Si vuole implementare e fornire una base operativa, solida, organizzata e aggiornata di informazioni e dati climatici necessari come punto di riferimento concreto e imprescindibile per l’adattamento al cambiamento climatico locale.

La resilienza urbana è strettamente connessa al clima della città e alla sua variabilità ed implica una capacità di adattamento e reazione proattiva al cambiamento a tutti i livelli della collettività. Il clima dell’area metropolitana milanese rispecchia e interagisce con la complessità del tessuto urbano e con gli usi/consumi energetici che la caratterizzano e che cambiano sempre più rapidamente. 

Enti locali, soggetti economici e cittadini giocano ruoli  importanti e diversificati: dal progettare e realizzare piani di intervento e regolamenti, al produrre beni e servizi, individuare e adottare comportamenti in grado di mitigare e, soprattutto, assorbire l’impatto ambientale derivante dalla somma delle modalità di antropizzazione locale del territorio e del surriscaldamento globale.

 

Manca però a tutt’oggi una strategia condivisa  per affrontare le problematiche a livello urbano.
Una strategia di adattamento importante e ritenuta sempre più indispensabile e complementare a quanto messo in campo a livello istituzionale riguarda la modalità di risposta alle sollecitazioni del cambiamento climatico da parte dei portatori di interesse diretti.

La capacità di lettura e comprensione della complessità climatica urbana deve costituire un incentivo alla divulgazione e all’aggiornamento professionale continuo.
Rendere consapevole del fenomeno e delle responsabilità specifiche la comunità, intesa come operatori economici e cittadini/consumatori finali è considerata infatti la prima strategia di adattamento al cambiamento climatico “dal basso”.
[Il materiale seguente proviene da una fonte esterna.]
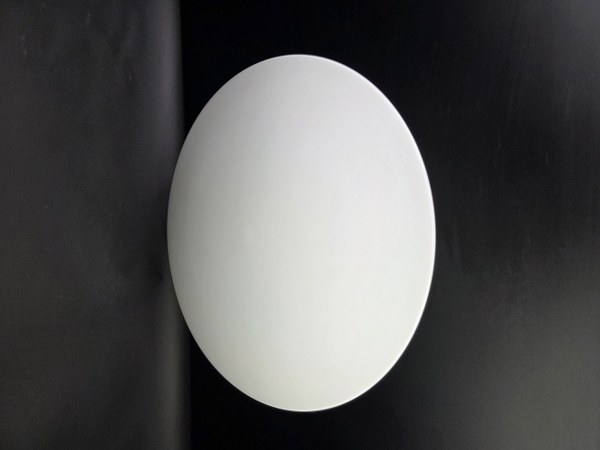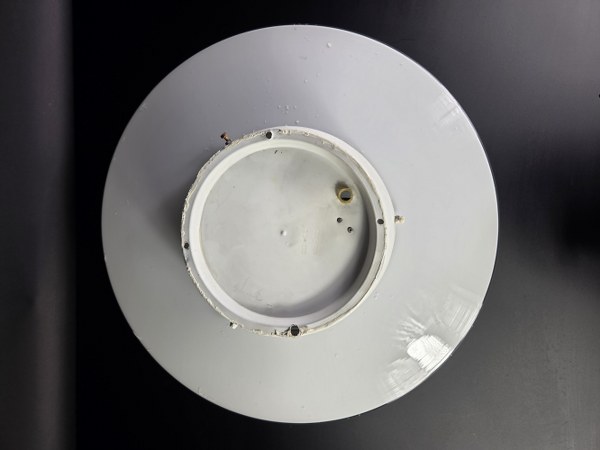 Arne JACOBSEN (1902-1971) & Louis POULSEN éditeur. Applique "Eklipta 450". Opaline blanche et aluminium laqué. Vers 1955. Hauteur 13 cm. Diamètre 45 cm. Base relaquée.

In "ClimaMi" climatologi, architetti, ingegneri e tecnici operanti nei più diversi settori applicativi lavoreranno insieme per individuare ed elaborare un framework integrato di dati e informazioni climatiche,  attualmente non disponibile con il dettaglio desiderato, indispensabile per una moltitudine di ambiti applicativi, che potrebbero così beneficiare della disponibilità di indicatori climatici operativi, aggiornati e sito riferiti: dalla gestione dell’Energia (efficientamento energetico del parco edifici, diagnosi energetiche, riqualificazione/progettazione edificio-impianto, contabilità energetica, conduzione e manutenzione impianti HVAC) al controllo e gestione delle acque pluviali (invarianza idraulica e idrologica - deflussi e allagamenti urbani, recupero/riutilizzo acque piovane), dall’ Urbanistica (pavimentazioni di spazi pubblici e privati, materiali e colorazioni per edifici, green/blue solutions, recupero aree dismesse, progettazione piazze e nuovi quartieri, ristrutturazioni edilizie, interventi/piani urbani di adattamento climatico) alla Salute pubblica (comfort microclimatico di spazi pubblici; piani di informazione e protezione da ondate di calore delle fasce di popolazioni più deboli e caratterizzate da maggior residenzialità) e in ambito  diAssicurazioni e Finanza (coperture eventi naturali estremi, weather derivatives).

Il progetto

Dimensione TERRITORIALE

Il progetto prende in considerazione il bacino aerologico milanese, comprendente i comuni della Città Metropolitana Milanese, della provincia di Monza e Brianza e di alcuni comuni limitrofi delle provincie di Varese, Pavia e Lodi.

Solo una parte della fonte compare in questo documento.